The tower is Perpendicular in style. It has a west window, and a stair turret to the north. On the north, west and south sides are clock faces, and above them are three two-light bell openings. At the top of the tower is an embattled parapet with a low spirelet and a weathervane. Below the parapet are gargoyles and a quatrefoil frieze. The base of the tower is badly weather-beaten. The parishioners, however, have a more romanticised explanation, that the damage is due to people sharpening their weapons on it in ancient times.
There are three-light windows along both aisles, in the north and east walls of the chapel, and in the east and south walls of the chancel. All the north and south windows in the body of the church are straight-headed. There are doorways on both sides of the aisles, that on the south side being in the porch.

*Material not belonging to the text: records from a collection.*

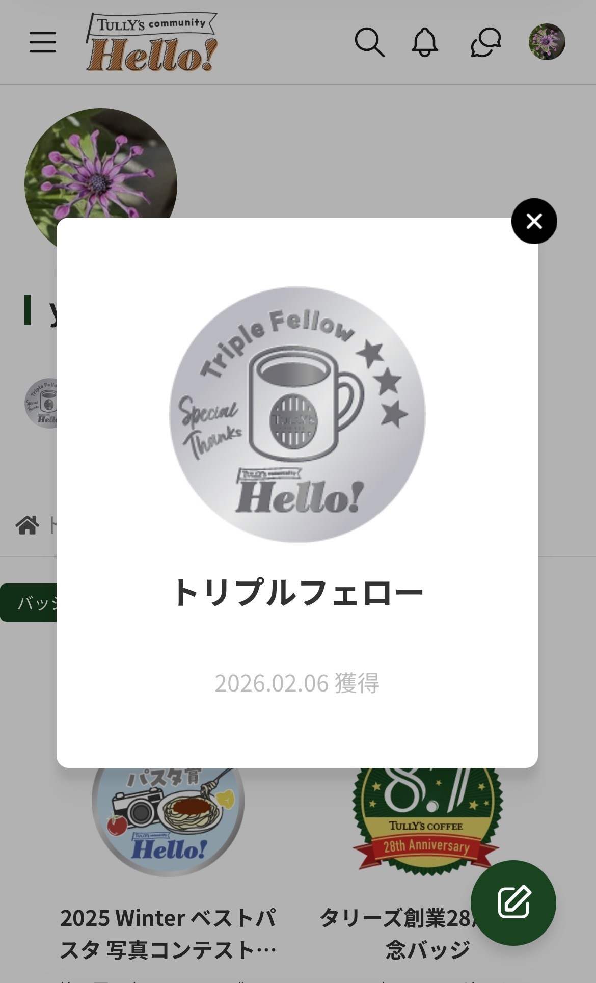トップ > なんでも写真館 > 日々の写真 > やっとこの日が😆 yukari 2026/02/06 21:26 やっとこの日が😆 やっとトリプルフェローになることができました✨ これからもよろしくお願いします😊 いいね 共有する 共有する X facebook LINE リンクをコピー コメントする 4 件の返信 (新着順) ミュートしたユーザーの投稿です。 投稿を表示 penguinlovescoffee 2026/02/07 08:14 おめでとうございます♪ いいね 返信する ミュートしたユーザーの投稿です。 投稿を表示 yukari 2026/02/07 10:16 penguinlovescoffee ありがとうございます♡ いいね 返信する ミュートしたユーザーの投稿です。 投稿を表示 matusko 2026/02/07 06:25 おめでとうございます㊗️🎉 いいね 返信する ミュートしたユーザーの投稿です。 投稿を表示 yukari 2026/02/07 10:15 matusko ありがとうございます🥰 いいね 返信する ミュートしたユーザーの投稿です。 投稿を表示 Yysasaki 2026/02/07 01:41 Congratulations 🩷 Have a nice day. 🎯 いいね 返信する ミュートしたユーザーの投稿です。 投稿を表示 yukari 2026/02/07 10:15 Yysasaki ありがとうございます😊 いいね 返信する ミュートしたユーザーの投稿です。 投稿を表示 ralikkuma 2026/02/06 22:15 トリプルフェロー昇格おめでとうございます🎉🎊㊗️ これからもよろしくお願いします🙇 いいね 返信する ミュートしたユーザーの投稿です。 投稿を表示 yukari 2026/02/06 22:40 ralikkuma ありがとうございます♡ こちらこそよろしくお願いします😊 いいね 返信する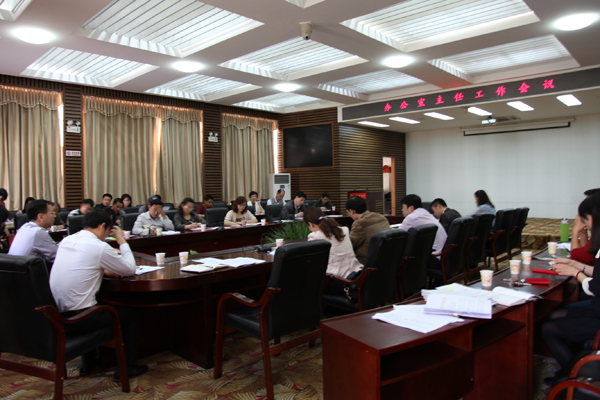 4 月 27 日 下午,学校召开办公室主任工作会议,就学校办公室近期工作进行安排部署。校(党)办公室主任刘平安主持会议,各二级单位办公室负责人参会。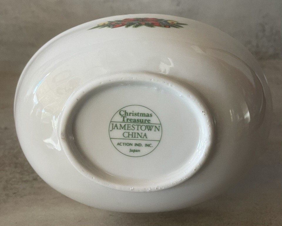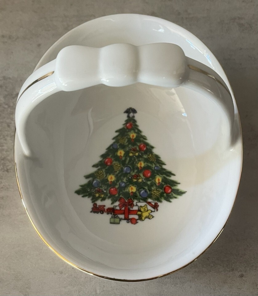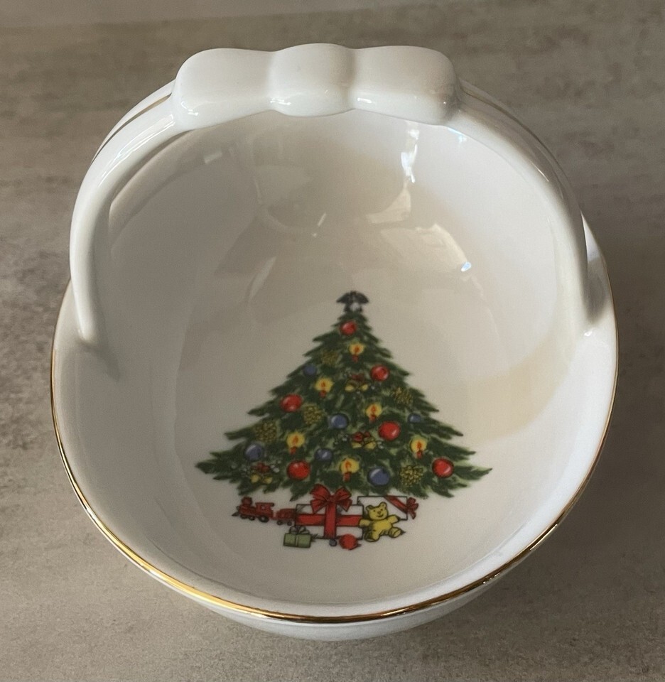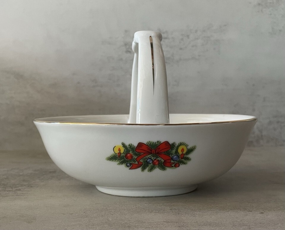 Vintage Jamestown China Christmas Treasure handled porcelain basket, featuring a Christmas tree and holly berry design with hand-painted 24K gold trim. Perfect as a holiday candy dish, trinket bowl, decor centerpiece, or collector gift. Comes in original retail box.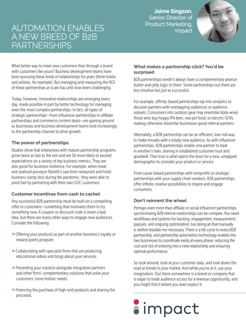 Want to explore B2B partnerships more? Contact an Impact growth technologist at grow@discoverimpact.wpenginepowered.com.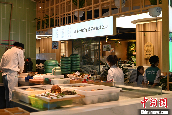圖為7月11日,云南昆明,一家野生菌火鍋店內(nèi)的工作人員在開(kāi)放式廚房?jī)?nèi)處理野生菌。 中新社記者 李嘉嫻 攝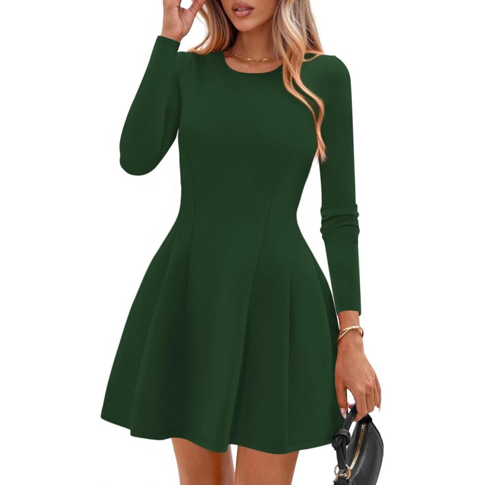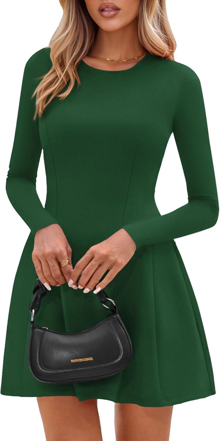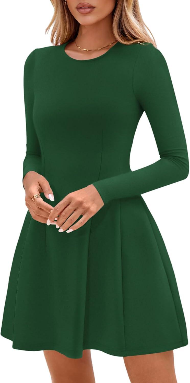 PRETTYGARDEN Long Sleeve Mini Dress for Women 2025 Fall Crewneck Knit Pleated Babydoll A Line Soft Casual Short Party Dresses(Green)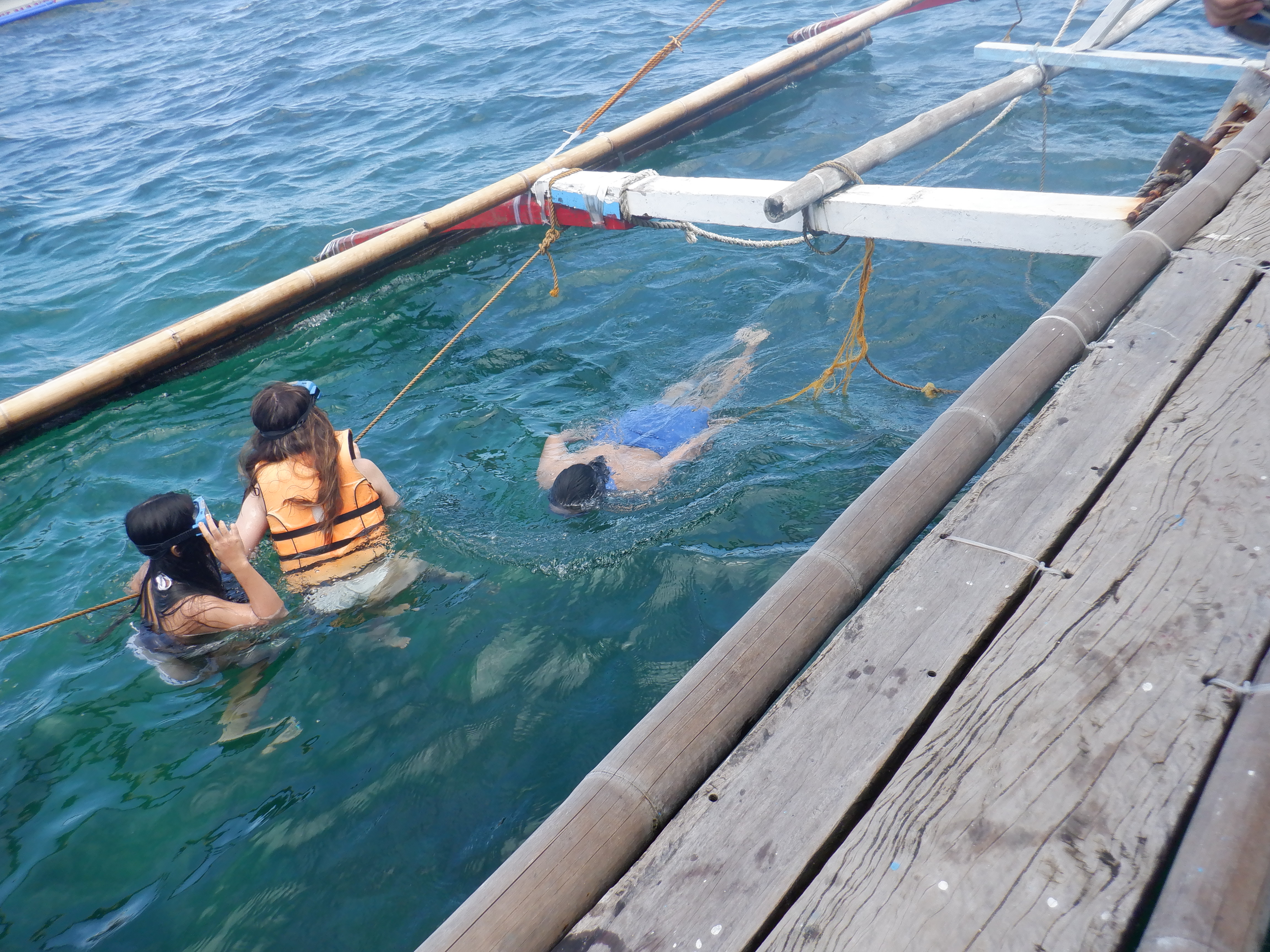 Our second stop was Coral Garden where we got a chance to snorkel and observe the corals. I brought my swim goggles with me so I didn’t need to use the mask that was provided to us. The fee for mask rental was Php 40 pesos (less than 1 USD). The current was a little strong and since I didn’t wear the life vest, I swam close to the boat so I could hold on to it when I got tired.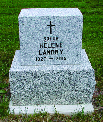À la suite d’une longue maladie, à la Maison-mère des Religieuses Notre-Dame-du-Sacré-Cœur de Moncton, le dimanche 30 août 2015, est décédée Sr Hélène Landry (Patrice-Marie). Elle avait 88 ans, dont 68 de vie religieuse. Née le 2 juin 1927 à Pokemouche, elle était la fille de feu Romain et Hélène (Blanchard) Landry.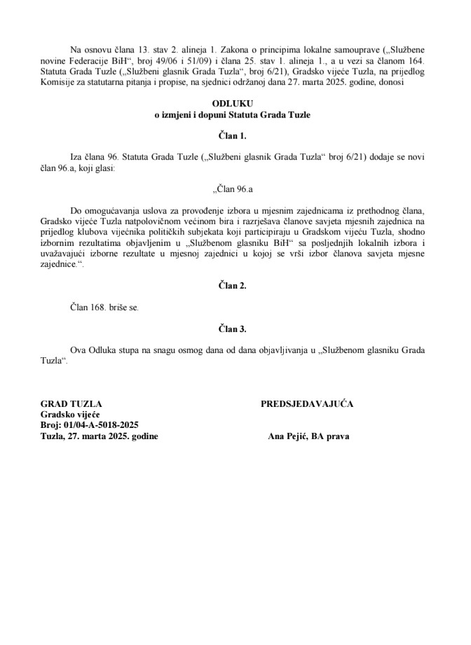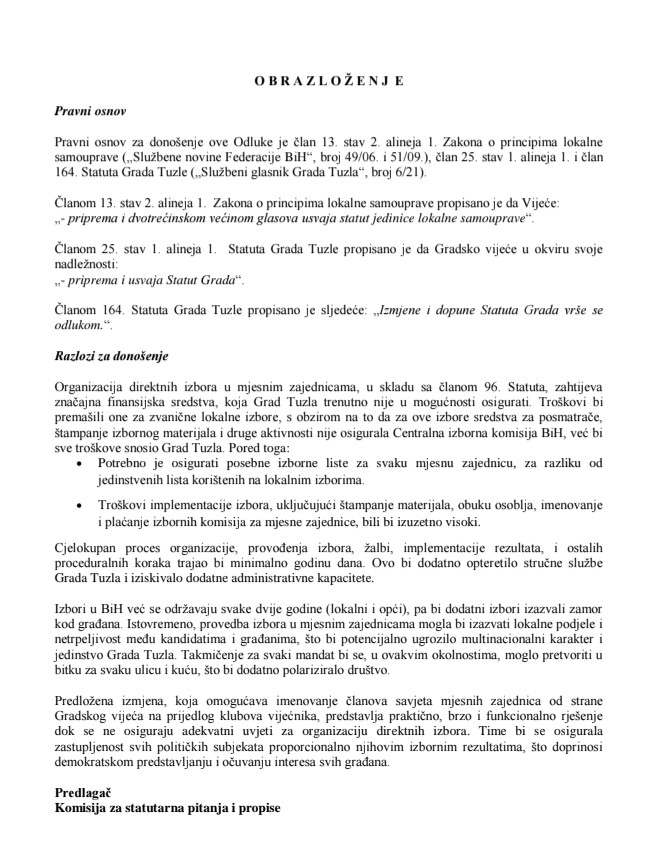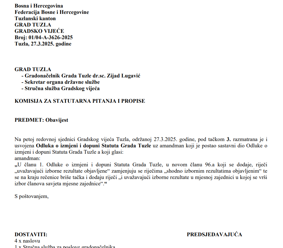 Ova tema se redovno pojavljivala na dnevnim redovima sjednica Gradskog vijeća Tuzla. Međutim, uprkos jasno propisanim obavezama iz Statuta, konkretni koraci su izostali.

Inside the church are three-bay arcades in Transitional style, with circular piers, and capitals carved with volutes, foliage, and rams' heads. The two-bay arcade between the chancel and chapel is carried on octagonal piers. The nave, chancel, and chapel each has a double-hammerbeam roof. In the north wall of the nave is a re-set early Norman tympanum. The reredos, sedilia, piscina, pulpit, and font are all in a simple design by Street. The chandelier is by William Bradshaw, and is dated 1730. The floors are tiled throughout. Under the chapel arch is the stone effigy of a recumbent knight, dated by his armour to the 1330s. Also in the church is a bronze sundial plate dated 1718. This was removed from the churchyard in 1998 and re-set on a stoup. In the chapel and tower is stained glass of 1863–64 by Lobin et fils of Tours. Elsewhere are windows by Heaton, Butler and Bayne dating from between 1895 and 1910. The two-manual pipe organ was built in 1856 by Walker. It was rebuilt in 1894 by Charles Martin, and restored in 1956, again by Walker. There is a ring of eight bells. Six of these were cast between 1707 and 1767 by Rudhall of Gloucester, and the other two in 1812 by John Briant.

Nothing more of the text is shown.